Ten issues addressed in FTIL-NSEL merger case

The HC gave a detailed rationale for its decision on each of these

Ten issues addressed in FTIL-NSEL merger case
N Sundaresha Subramanian
Last Updated : Dec 11 2017 | 11:26 PM IST
Last week, the Bombay High Court passed a landmark judgment. It dismissed the petition challenging a central government move to merge the payment crisis-hit National Spot Exchange (NSEL) with its parent entity, earlier named Financial Technologies (FTIL) and since renamed 63 Moons’ Technologies.

Initially, the 2014 draft order under Section 396 of the Companies Act was stayed. Then, it was lifted, allowing the final order in February 2016. Operation of this order was kept in abeyance, pending the Bombay HC decision. This decision itself will not operate for another 12 weeks, allowing the petitioners — 63 Moons and others — to move the Supreme Court. 
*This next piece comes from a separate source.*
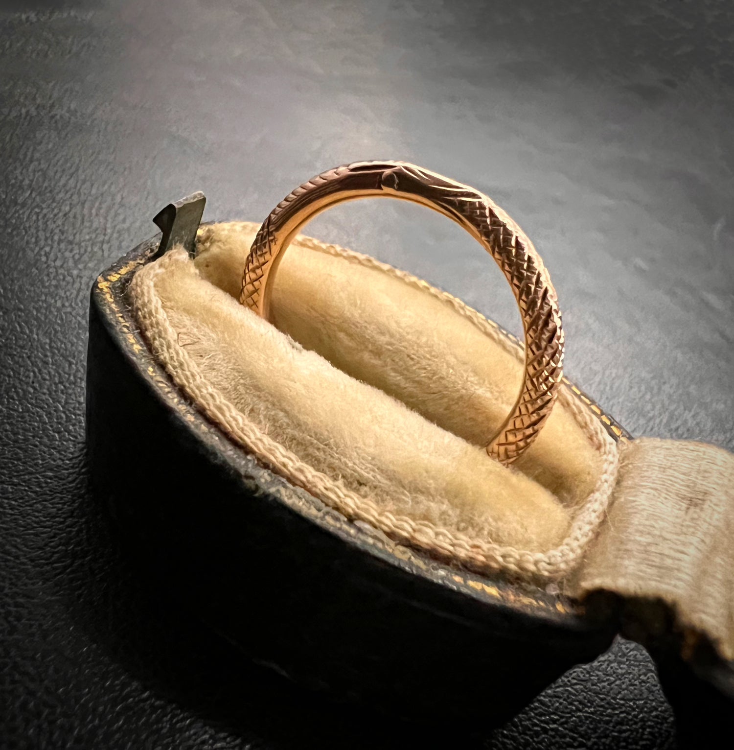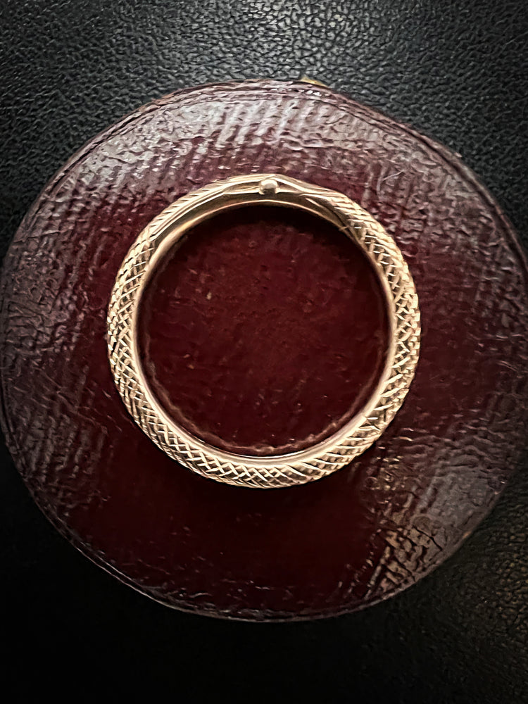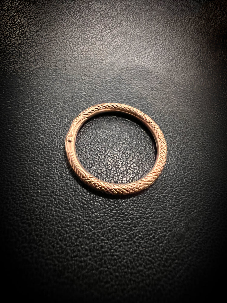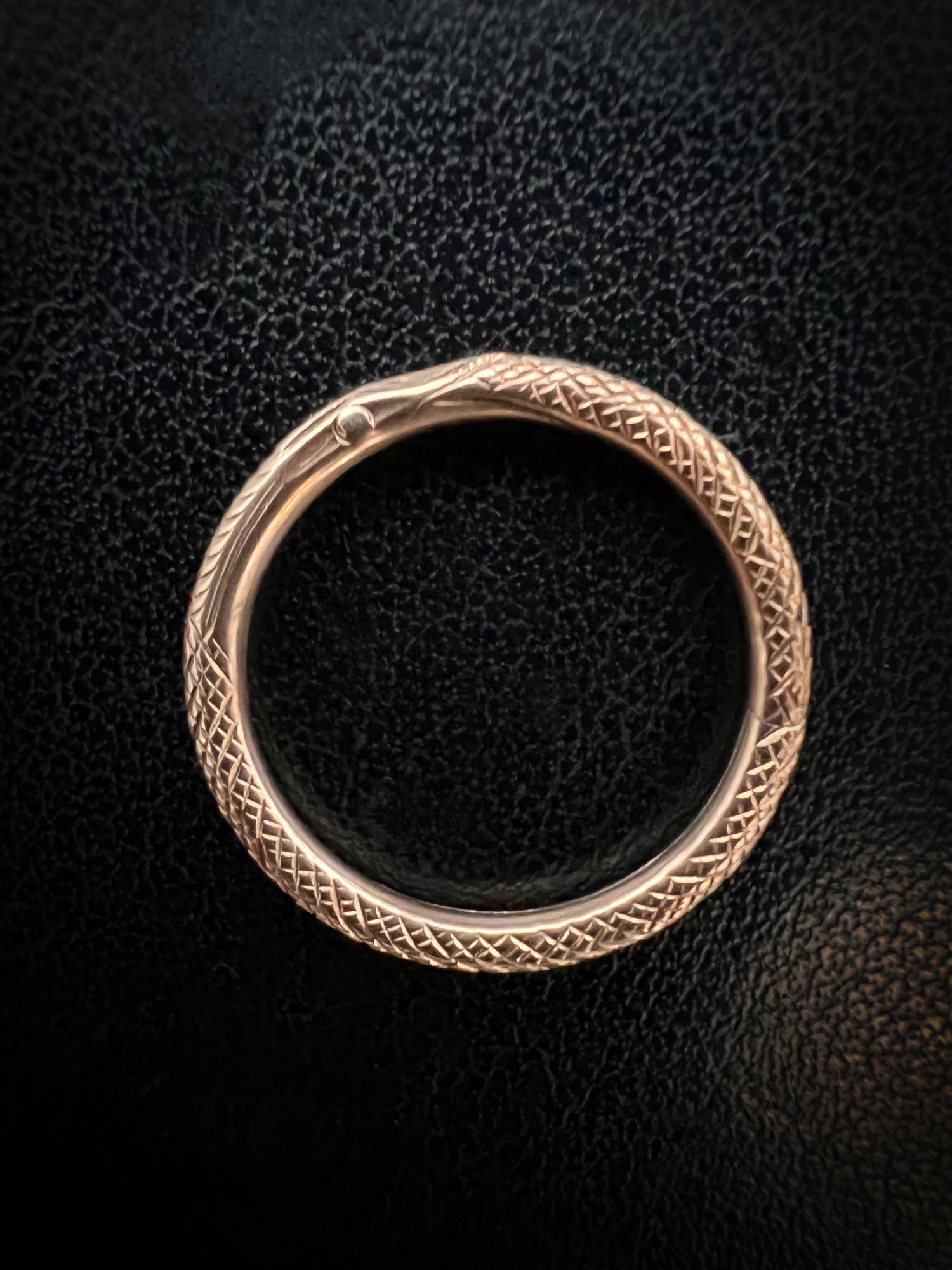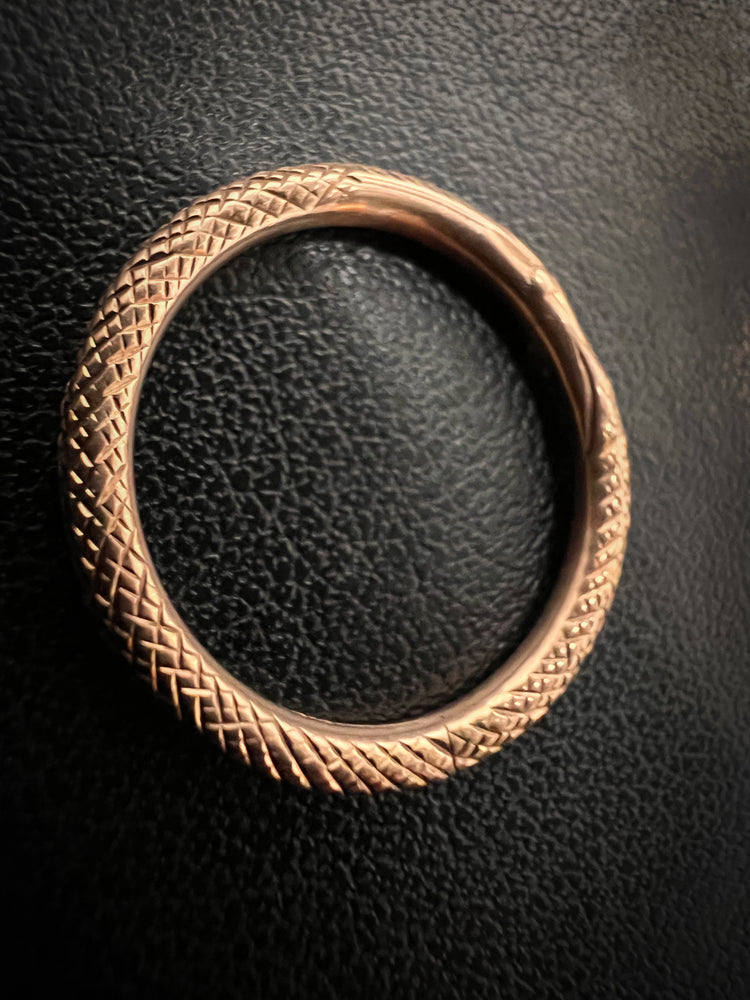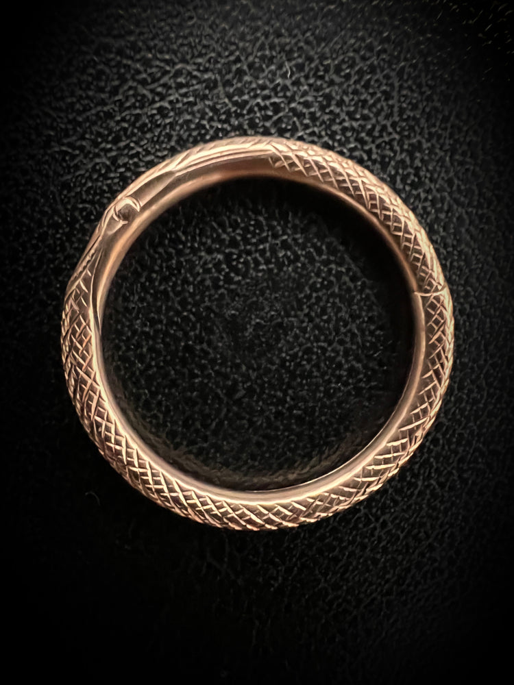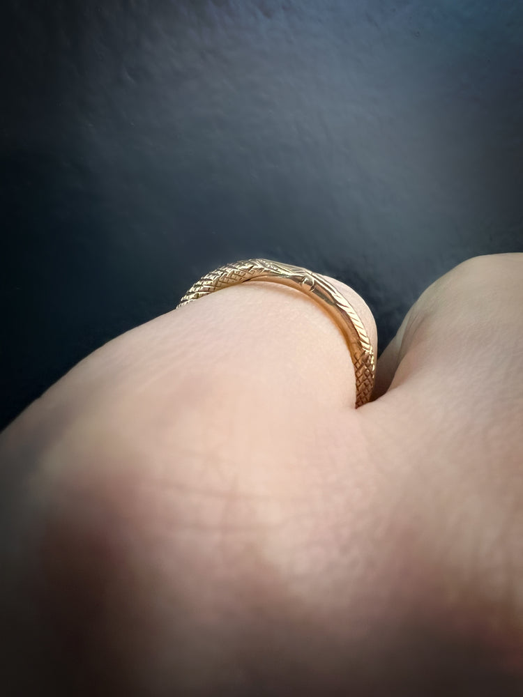 The ring has defined cross hatching along the snakes body, and a finely carved head and eyes.

In a case that saw senior advocates such as Harish Salve (FTIL), Darius Khambatta (government) and Iqbal Chagla (Securities and Exchange Board of India or Sebi) put forth arguments and counters, the court examined 10 key questions. In the 222-page order, the bench of Chief Justice Manjula Chellur and M S Sonak discussed each of these before arriving at the decision that there was no need to interfere with the government decision. These are the 10 issues:

1) Whether the impugned order breached the principles of natural justice and fair play;

2) Whether, considering Section 396(3) of the Companies Act, the central government was at all empowered to order compulsory amalgamation of a loss-making and wholly owned subsidiary (NSEL) with its profit-making holding company (FTIL); 

3) Whether the impugned order runs counter to Sections 396 (3) and 396(4) of the said Act, since, according to petitions filed in 2015 and 2016, the central government made no order assessing compensation to shareholders of FTIL; 

4) Whether the central government, in making the impugned order, has practised hostile and invidious discrimination, thereby infringing Article 14 of the Constitution of India; 

5) Whether the impugned order runs afoul of Section 396 of the Companies Act because the Centre has failed to address the issue of national interest; 

6) Whether the impugned order is also invalid under Section 396 because there was no public interest involved in ordering amalgamation of NSEL with FTIL; 

7) Whether the impugned order is based on only one ground or reason, i.e facilitating NSEL in recovering dues from defaulters and, therefore, applying an earlier laid-down principle, the Centre is barred from adding or supplementing reasons by way of affidavits; 

8) Whether the impugned order stands vitiated because there is no material on record in support of the aforesaid solitary ground or reason; 

9) Whether the impugned order can be said to be unreasonable; 

10) Whether the impugned order defies the judicial doctrine of proportionality.

The HC gave a detailed rationale for its decision on each of these; is difficult to accommodate all these in this column. The court’s view on point number 6, public interest, could have a wider implication in the coming days, as more companies seem headed this way. 

The judgment said on this: “The concept of public interest takes the company outside the conventional sphere of being a concern in which the shareholders alone are interested. It emphasises the idea of a company functioning for the public good or general welfare and, at any rate, not in a manner detrimental to the public good. The expression ‘public interest’ constitutes a positive check on unhindered exercise of private right, whether by management or by stockholders.”  Over to the Supreme Court.